Teaching Context: The Need for Chemistry in an Inner-City Continuation School
I teach at an inner-city continuation school in San Francisco where every student has a history of academic struggle. They are assigned to us by the district when failing grades and severe truancy place them at risk of dropping out. The fact that all of my students are students of color is representative of the achievement gap within our district. While San Francisco Unified School District (SFUSD) high school students are, on average, 21% Latino and 12% African American, our site is typically 40% Latino and 35% African American, 1 evidence that these students have been disproportionately underserved. While students have a wide range of critical thinking ability, most struggle with basic academic proficiencies; it is not uncommon for me to have zero students during a semester who both read and write at grade level. Many students also lack academic confidence; after years of facing low expectations in school, they do not trust in their intelligence or abilities, resulting in severe underachievement. In this context, it is my responsibility to both re-engage students in their education and to offer the structured rigor they need to begin catching up on academic skills.
Because our school is often the last formal educational experience many of our students will have, I believe it is imperative to offer a rigorous academic curriculum that enables students to move through the world as knowledgeable and informed people. This unit represents the first time in my fifteen years at Downtown High School (DHS) that chemistry has been offered to our students. Hard sciences such as chemistry are gateway subjects that can provide opportunities to students but, in the SFUSD, only two years of science are required for graduation. Because chemistry is often placed last in comprehensive high school science sequences—typically the realm of students on college preparatory trajectories—very few of my students have ever taken a chemistry course, and most do not view themselves as capable of learning higher-level science. While this unit does not take a traditional approach to chemistry, it will allow my students to explore and practice a subject they may have previously viewed as beyond their capabilities. By integrating chemistry and social justice issues, chemistry is made accessible to students in that it is placed within a context that connects directly to their own lives. The content and skills embedded in this unit have the potential to be very important in helping students navigate the realities in which they live. It is my job as the teacher to utilize strategies that will help all of my students access the curriculum.

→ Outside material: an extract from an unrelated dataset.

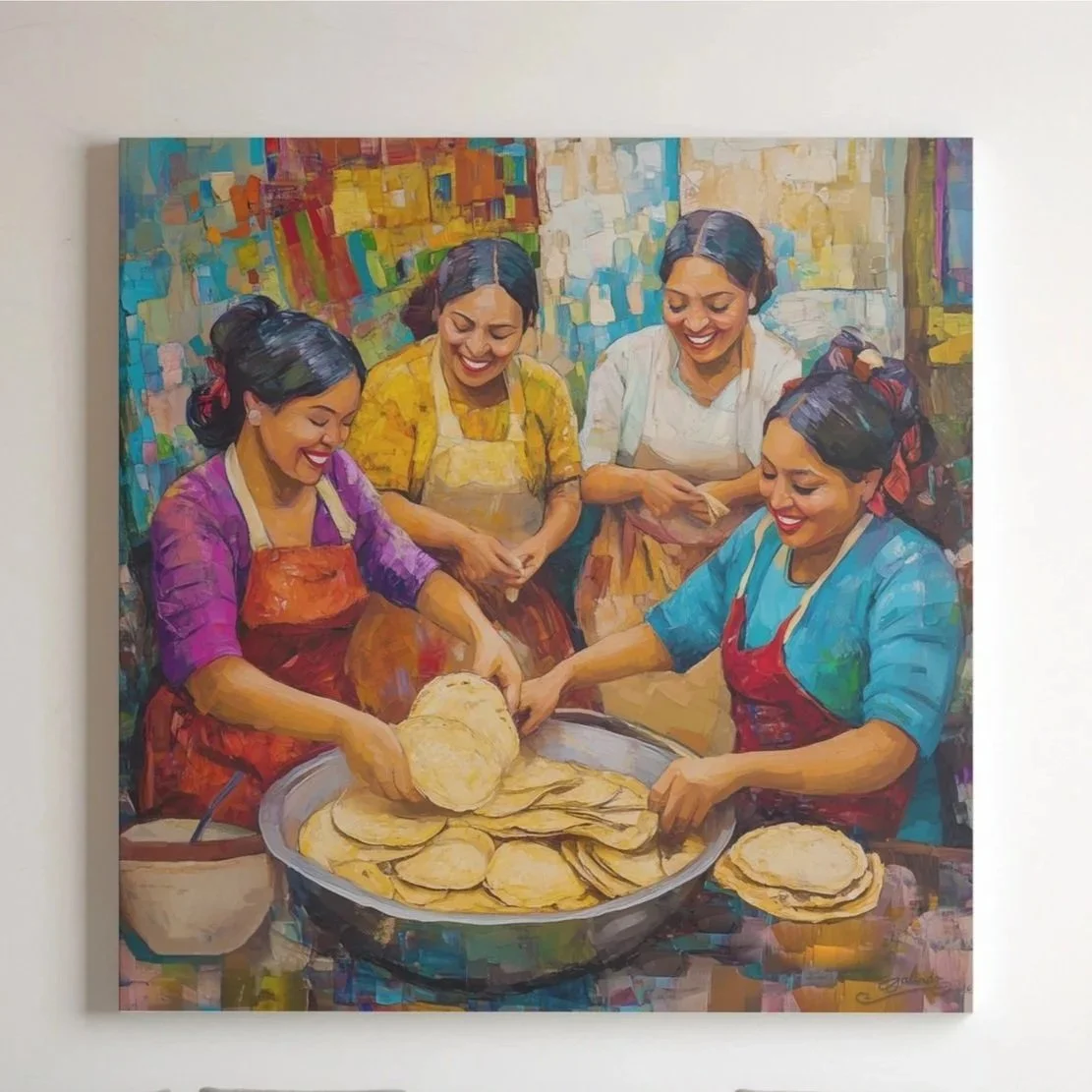 My art is a tribute to women like her. A painting of a group of tías preparing food isn't just a picture; it’s an homage to the tías who are mothers, friends and protectors of tradition. A piece of art that depicts a community of women gathering isn't just a scene; it's an homage to the bond of sorority and the invaluable wisdom that our aunts pass down to us.
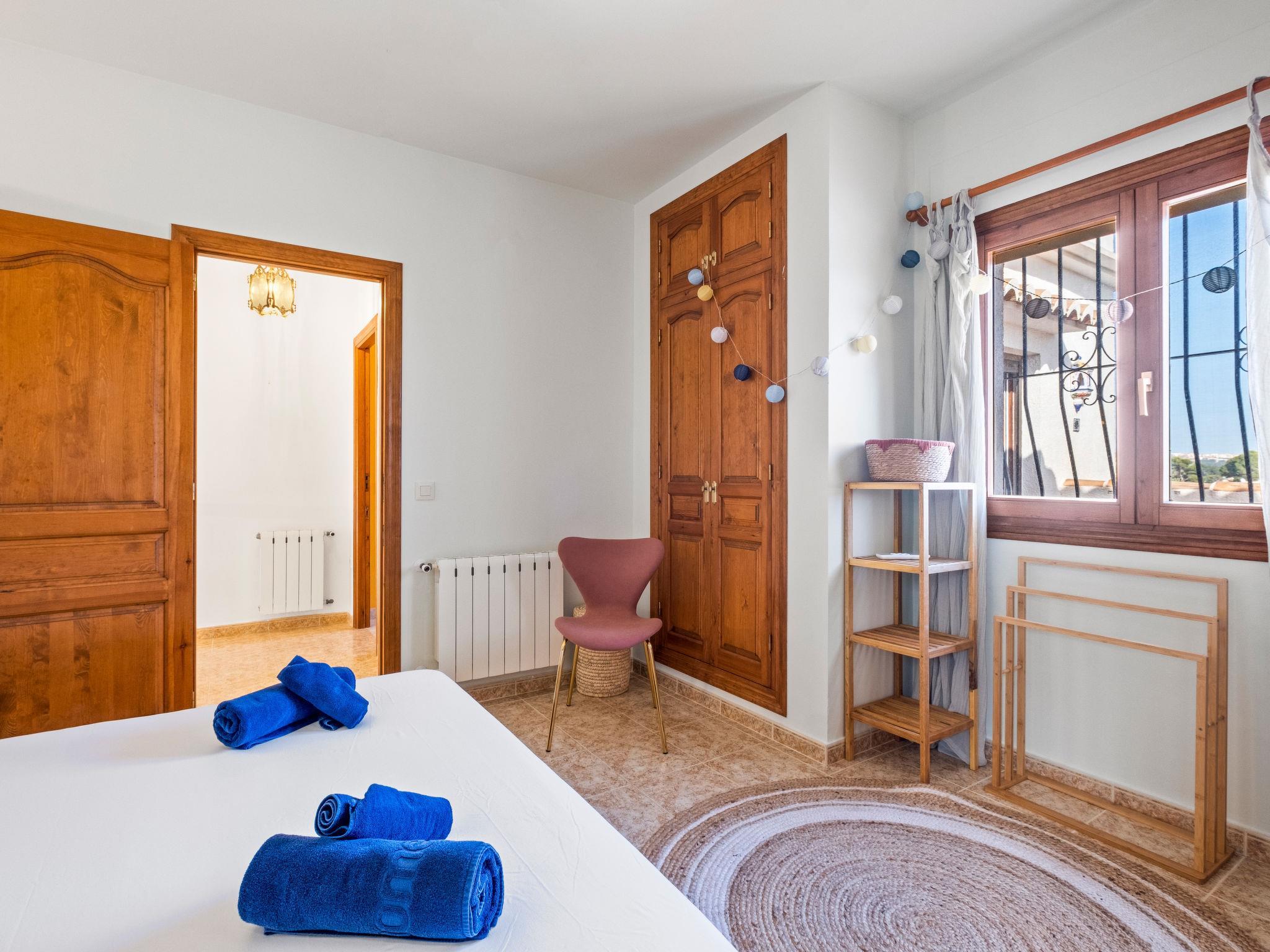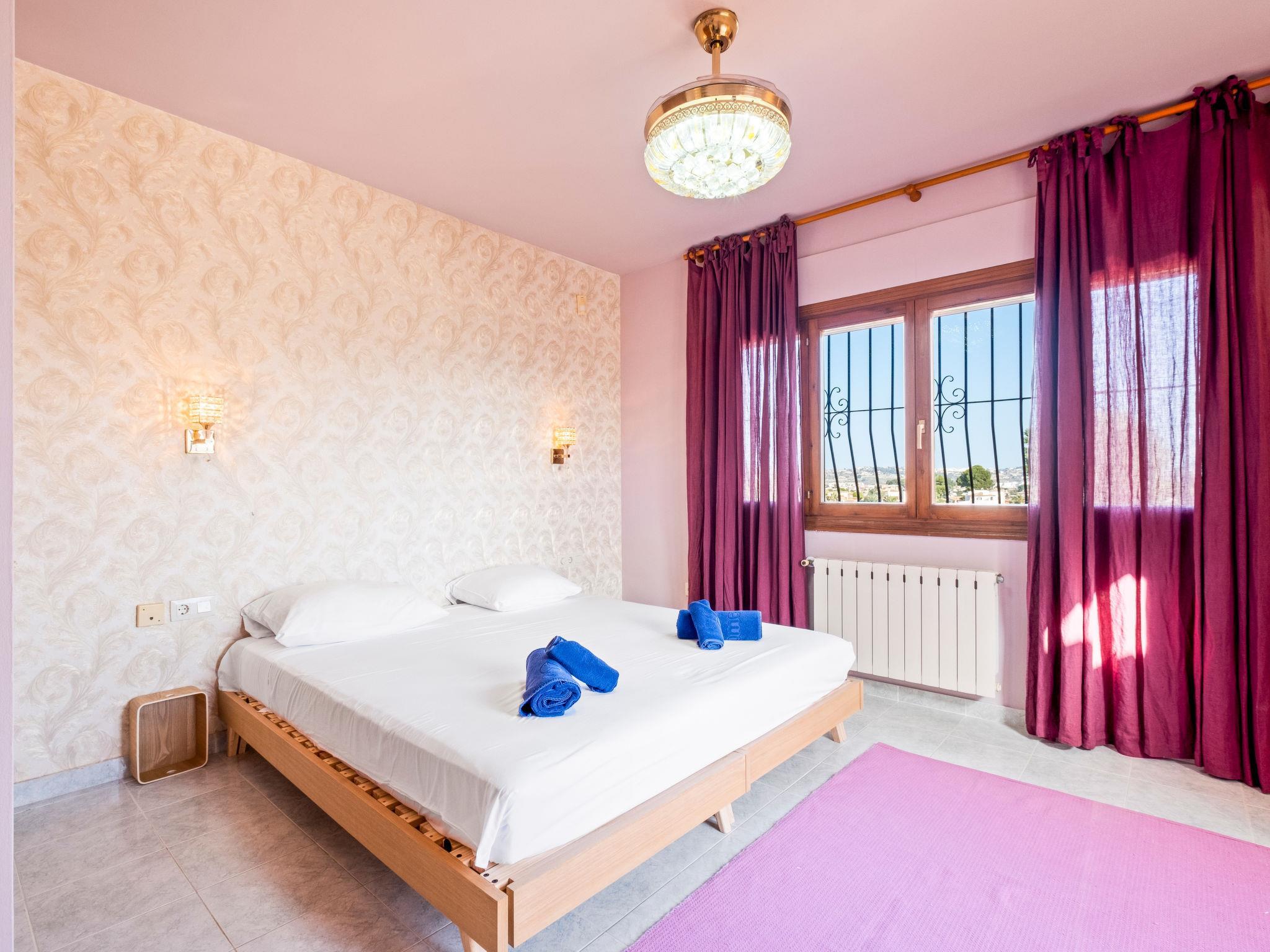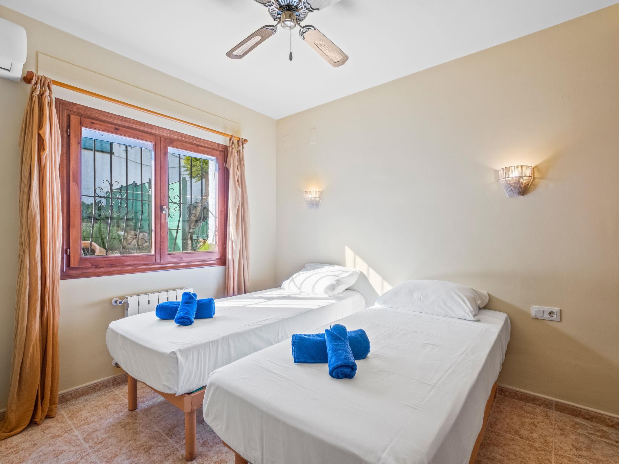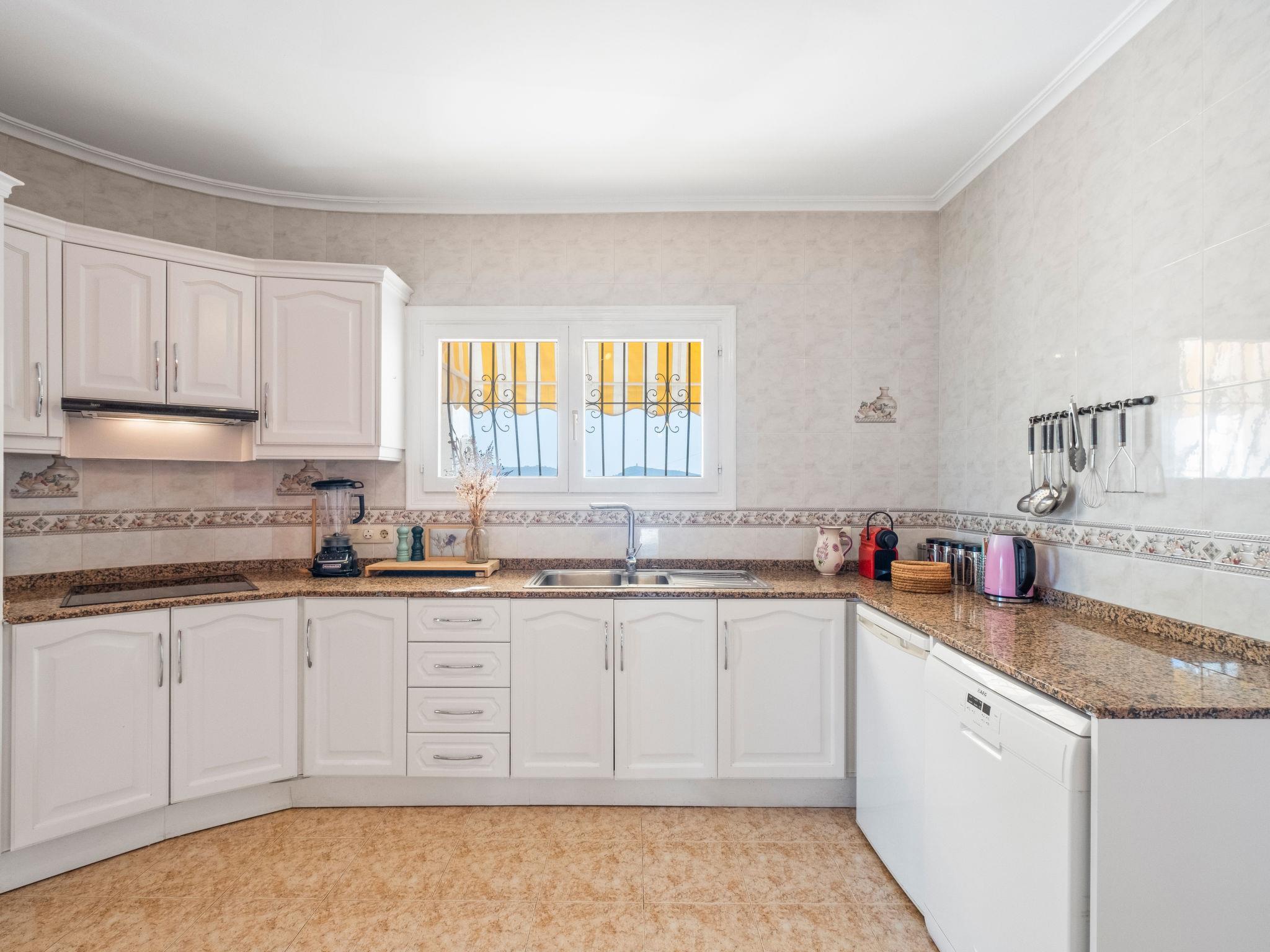 "Moraira Magica", 4-room villa 253 m2 on 2 levels. Spacious and bright, comfortable and beautiful furnishings: open living/dining room. Dining room. Exit to the terrace, to the swimming pool. 1 room with 2 beds (90 cm, length 200 cm), shower/WC, air conditioning, fan and forced-air heating. Kitchen (oven, dishwasher, 4 ceramic glass hob hotplates, toaster, kettle, microwave, electric coffee machine). Sep. WC. Upper floor: 1 room with 1 french bed (1 x 160 cm, length 200 cm), shower/WC, air conditioning and forced-air heating. 1 room with 2 beds (90 cm, length 200 cm), bath/WC, air conditioning and forced-air heating. Exit to the terrace. Large terrace. Terrace furniture, barbecue. Beautiful view of the sea, the resort and the town. Facilities: washing machine, iron, hair dryer. Internet (WiFi, free). Parking. Please note: non-smoking house. VT-510168-A // Reg. Nr.: ESFCTU00000303800079367400000000000000000VT-510168-A2

This unit will be taught within an interdisciplinary environmental studies program called the Wilderness Arts and Literacy Collaborative (WALC). WALC uses environmental themes and corresponding core science as a center around which multiple subject areas are integrated. "The Science of Environmental Justice" will be an eight-week unit within an eighteen-week semester themed "Struggling for Sustainability: Preservation, Restoration, and Environmental Justice." It will take place in the second quarter of the fall semester, beginning in November and concluding in January.